The late Jesuit Superior General, Pedro Arrupe, once wrote words that still speak powerfully today:
What you are in love with, what seizes your imagination, will affect everything. It will decide what gets you out of bed in the morning, what you do with your evenings, how you spend your weekends, what breaks your heart, and what fills you with joy and gratitude. Fall in love, stay in love, and it will decide everything.

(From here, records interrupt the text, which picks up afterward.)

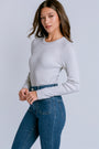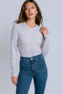 Add something special to your look with Liyah. With a banded crew neckline and long sleeves, this ribbed tee is made from our signature shine fabric that’s form-fitting, soft and gives a subtle sheen.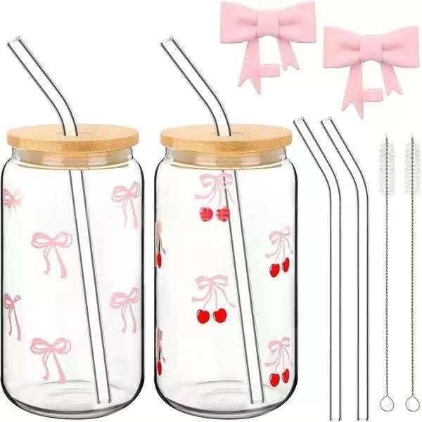2025 Emerit Logo personnalisé 12oz/16oz/20oz Sublimation transparente ou givrée canette de bière gobelet en verre avec couvercle et paille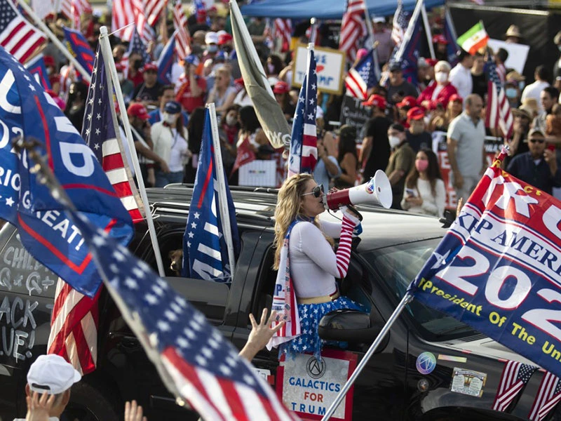 Người ủng hộ Tổng thống Donald Trump xuống đường biểu tình ở TP Beverly Hills, bang California ngày 3-11. Ảnh: AFP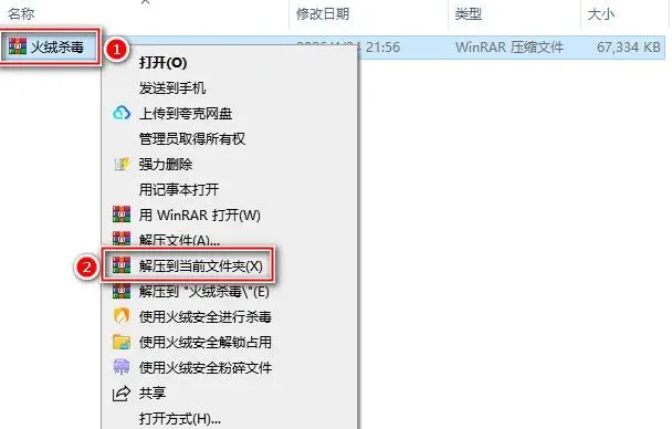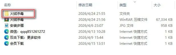 2.鼠标双击打开解压后的文件夹【火绒杀毒】。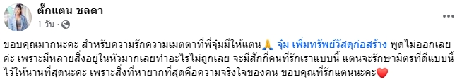 และในเฟซบุ๊กของสาวตั๊กแตนก็ได้โพสต์ข้อความขอบคุณแฟนคลับอีกว่า “ขอบคุณมากนะคะ สำหรับความรักความเมตตาที่พี่จุ๋มมีให้แตน จุ๋ม เพิ่มทรัพย์วัสดุก่อสร้าง พูดไม่ออกเลยค่ะ เพราะมีหลายสิ่งอยู่ในหัวมากเลยทำอะไรไม่ถูกเลย จะมีสักกี่คนที่รักเราแบบนี้ แตนจะรักษามิตรที่ดีแบบนี้ไว้ให้นานที่สุดนะคะ เพราะสิ่งที่หายากที่สุดคือความจริงใจของคน ขอบคุณที่รักแตนนะคะ”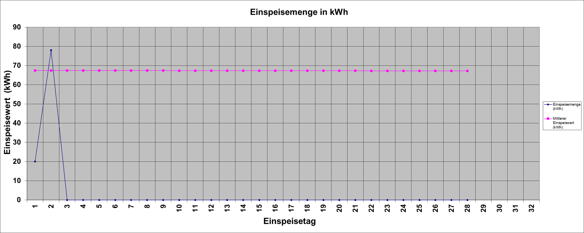 | Einspeisemenge (kWh) | 20 | 78 | 0 | 0 | 0 | 0 | 0 | 0 | 0 | 0 | 0 | 0 | 0 | 0 | 0 | 0 | 0 | 0 | 0 | 0 | 0 | 0 | 0 | 0 | 0 | 0 | 0 | 0 | |||||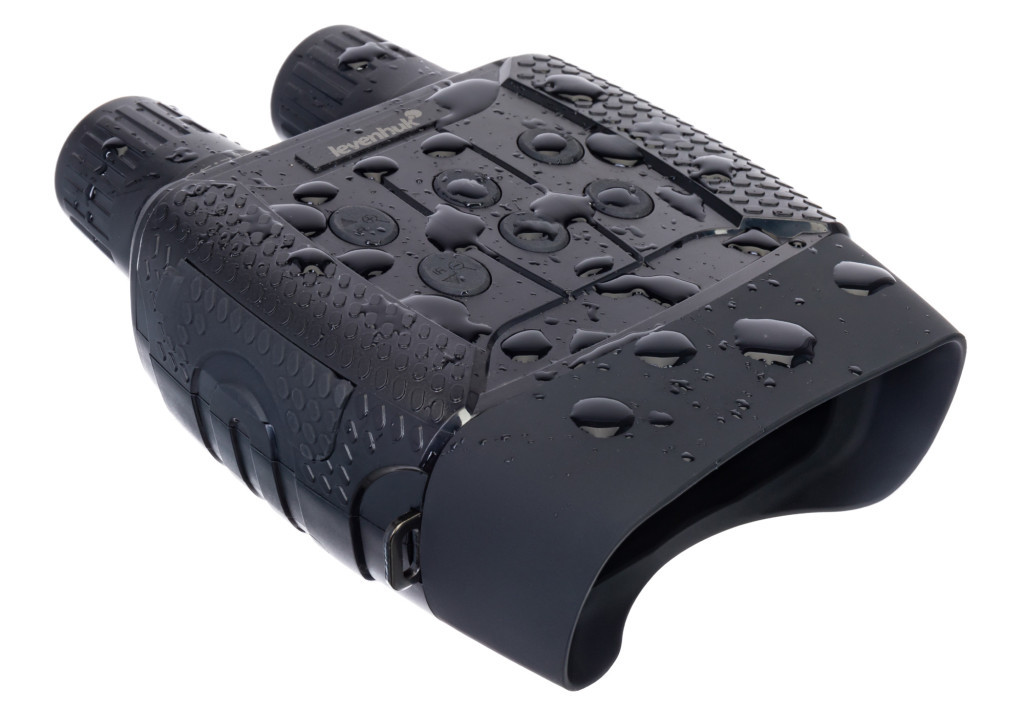 Az elektronikai és optikai részegységek ergonomikus, cseppálló vázban kaptak helyet, amely csúszásmentes felülettel rendelkezik. A kétszemes távcső így kényelmesen kézbe vehető. Az eszközt kézben tartva a vezérlőgombok pontosan az ujjak alatt helyezkednek el. Az eszköz felhasználóbarát, a menürendszerben rendkívül könnyedén lehet lépkedni. Az éjjellátó kétszemes távcső AA elemekkel vagy AA újratölthető Ni-MH elemekkel működik, amelyek csaknem bármilyen boltban könnyedén beszerezhetők. Érdemes egy extra csomagot is magával vinnie, hogy az eszköz nehogy a legszerencsétlenebb pillanatban kapcsoljon ki. Habár erre kevés esély van, hiszen egy elem- vagy újratölthető elemcsomag 4 - 10 óra folyamatos használatra elegendő. Az elemek élettartama a háttérvilágítás intenzitásától függ.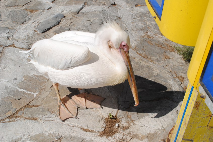 Petros, leader of the “Royal Family” of Mykonos. Years ago an injured pelican was rescued by fishermen and norished back to health. The bird never left so was nicknamed “Petros” and wandered around town as he wished as the revered symbol of Mykonos. Now, several generations later, Petros IV or is it Petros V, and his royal family of hangers on wander freely and live on restaurant handouts.
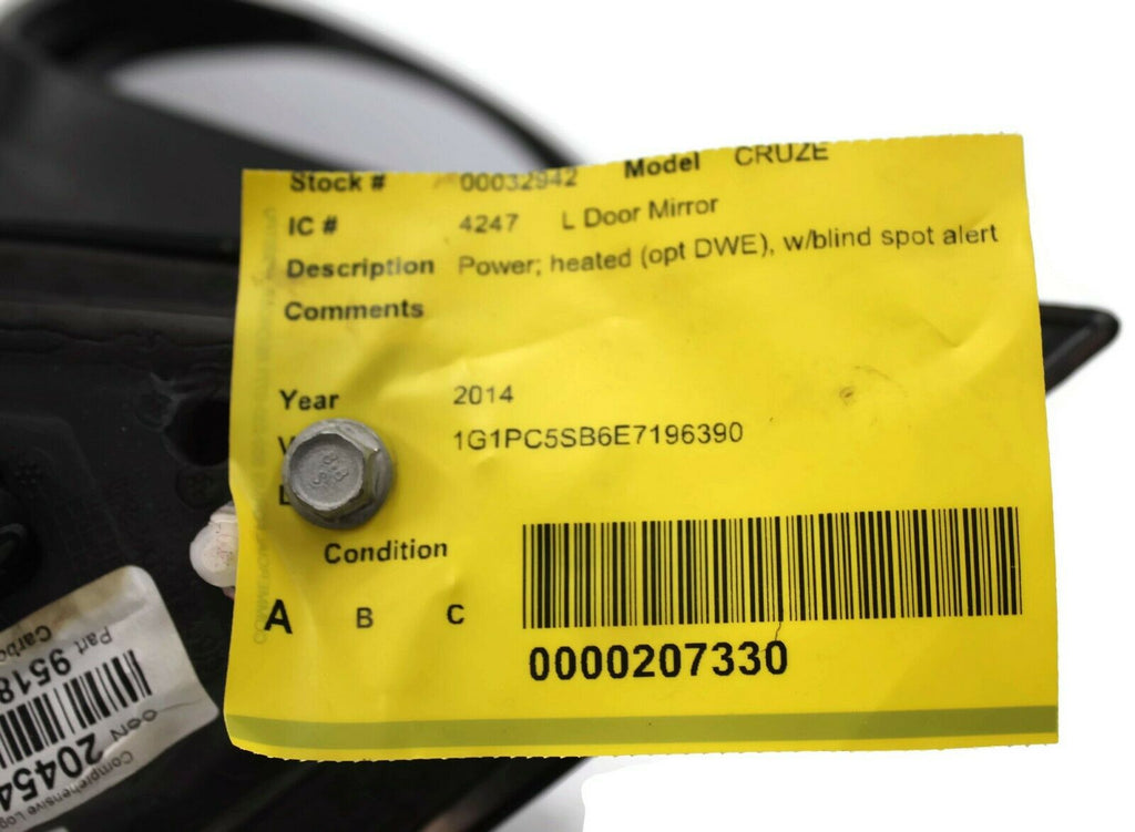 2011-2016 Chevy Cuze Driver Left Side Power Door Mirror Red 32942

At the beginning of a new school year — with new hopes, new friendships, new challenges, and new opportunities — those words invite us to pause and ask an important question: What am I in love with? Where is my passion? Indeed, this is where our sense of vocation is sourced. The writer Frederick Buechner once said that vocation is “the place where our deep gladness meets the world’s deep need.” In other words, our vocation is born at the intersection where the passion of our hearts meets the hunger of the world. We might keep this in mind as we discern our future, but that place of intersection happens every day — in our classrooms, on the playground, in staff rooms, in moments of care, learning, struggle, and growth. It’s about how we live, how we love, how we respond to injustice and beauty
This is why St Augustine, in the 5th century, could say, “Love, and do what you will.” In other words, what we love will determine how we act. This is especially important in a school community. What we love will shape how we speak to one another, how we treat those who are different, how we respond to pressure, success, failure, and conflict. The choices we make can either bring light or darkness. They can open us to freedom or slowly close us in on ourselves.
So today, we ask honestly: What gives our life flavour? What lights us up from the inside? Our motivation is deeply connected to our intention — to what we want our lives to become. And that intention shapes the choices we make each day, often in small and quiet ways. When love becomes action — when kindness is chosen over cruelty, inclusion over indifference, courage over silence — then our light shines. Indeed, when we fall in love with Christ, not just as an idea but as a living relationship, our lives slowly change. Our words become more honest. Our anger less harmful. Our relationships more respectful. Our freedom more real.
Pedro Arrupe was right: Fall in love, stay in love, and it will decide everything. As we begin this new year may the Lord gently reorder our loves, so that what captures our imagination also leads us — together — into freedom, compassion, and creativity.